BK One says it entered discussions with the business rescue practitioners regarding the “targeted acquisition” of selected assets in the Basileus Capital portfolio.
At the time of writing, BK One executive director, Dean Richards had not returned requests for comment.
BK One plans to buy seven companies, three of which it already has an interest in. The purchase price will be 90% of a value determined by the business rescue practitioners and confirmed by an “independent valuer appointed by BK One”.
No estimate was provided for the transaction’s total value. The transaction is described by BK One as “indivisible”, which suggests that it if it does not buy all seven companies, then the deal fails.
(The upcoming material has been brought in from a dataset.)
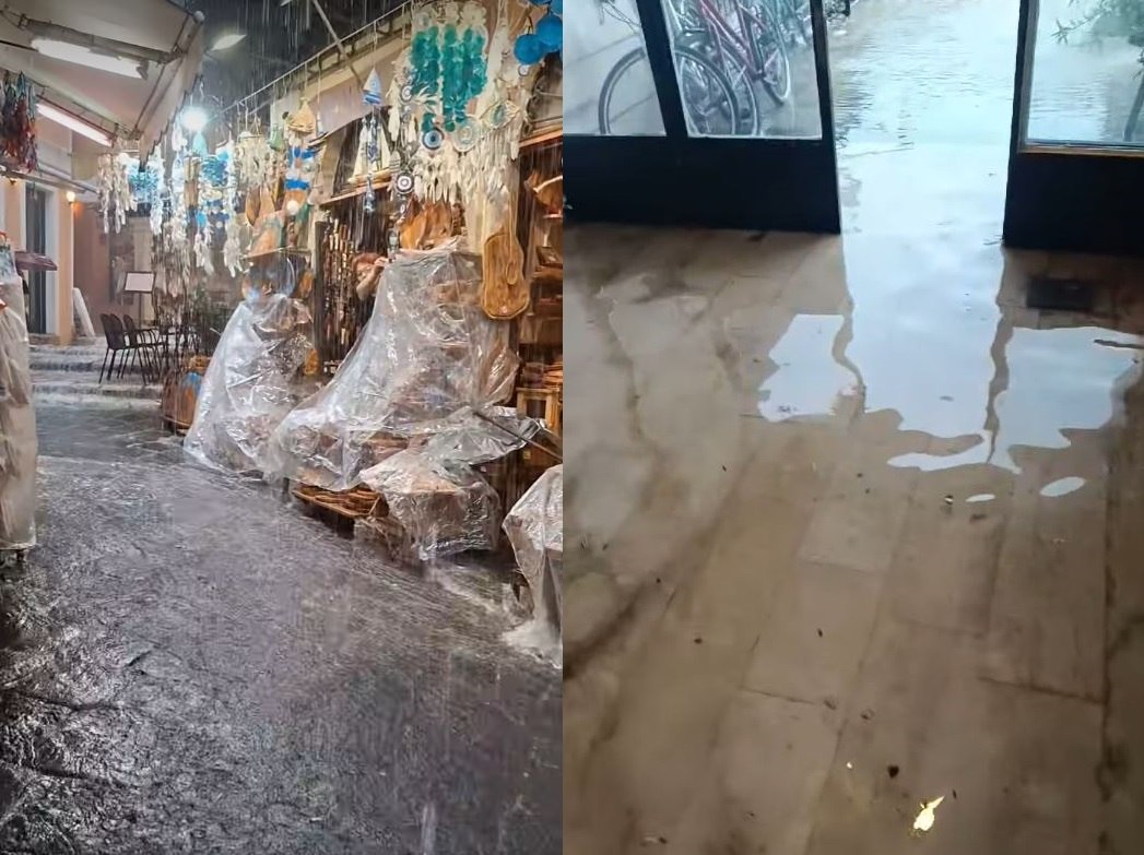 Η βροχή αρχικά συνοδεύτηκε από ισχυρούς άνεμους, ενώ βρήκε απροετοίμαστους πολλούς τουρίστες οι οποίοι είτε με αδιάβροχα μίας χρήσης, είτε με σακούλες προσπαθούσαν να προφυλαχτούν και να βρουν έστω ένα υπόστεγο.
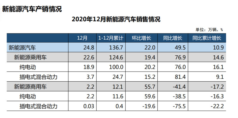 其中,在新能源汽車方面,12月新能源汽車產(chǎn)銷繼續(xù)保持快速增長(zhǎng),產(chǎn)銷雙雙超過(guò)20萬(wàn)輛,再創(chuàng)歷史新高。分別達(dá)到23.5萬(wàn)輛和24.8萬(wàn)輛,環(huán)比增長(zhǎng)17.3%和22.0%,同比增長(zhǎng)55.7%和49.5%。

The proposed assets to be bought are:
- Pure Ocean, a company involved in aquaculture, or fish farming. BK One currently has a 7.7% interest in Pure Ocean. It plans to buy another 86.3%.
- Cash management company Cash Connect. BK One has an existing R33.8m loan to Cash Connect. It plans to buy 76% of the company.
- IT company Kawuleza Connect. The deal would see BK One buying Basileus’s 77% interest in this company.
- Lefatse Minerals, an exploration company in business rescue. BK One plans to buy Basileus’s 98% stake in the company.
- Tor Oil Infrastructure Construction (Toroic), a company established in order to pursue “niche opportunities within the oil storage infrastructure sector. Basileus Capital owns 100% of Toroic.
- BK One plans to buy Basileus’s 94% interest in Burgan Oil, a “fuel infrastructure” business.
- Agriculture company Agri Tech, which is 82% owned by Basileus Capital.
Explaining the rationale for the purchase, BK One says it has developed an understanding of the potential value of the assets, and is, in the board’s assessment, “ideally placed to extract full value from these [assets] over their respective investment cycles”.
It also said the transaction will allow it to “rebrand and restructure in order to create a more efficient and transparent structure within which to develop its portfolio companies”.
BK One said it is not yet sure whether the transaction will be funded with ordinary shares or preference shares. Its existing portfolio, which was last valued at R231m, is held by investors through preference shares. BK One’s preference shares are listed on the JSE. Its ordinary shares are not.
The proposed deal is subject to approval by the JSE, competition authorities and the Takeover Regulation Panel. It is also subject to conditions, one of which is the availability of finance to enable the businesses to operate. Approval of BK One’s shareholders may also be necessary.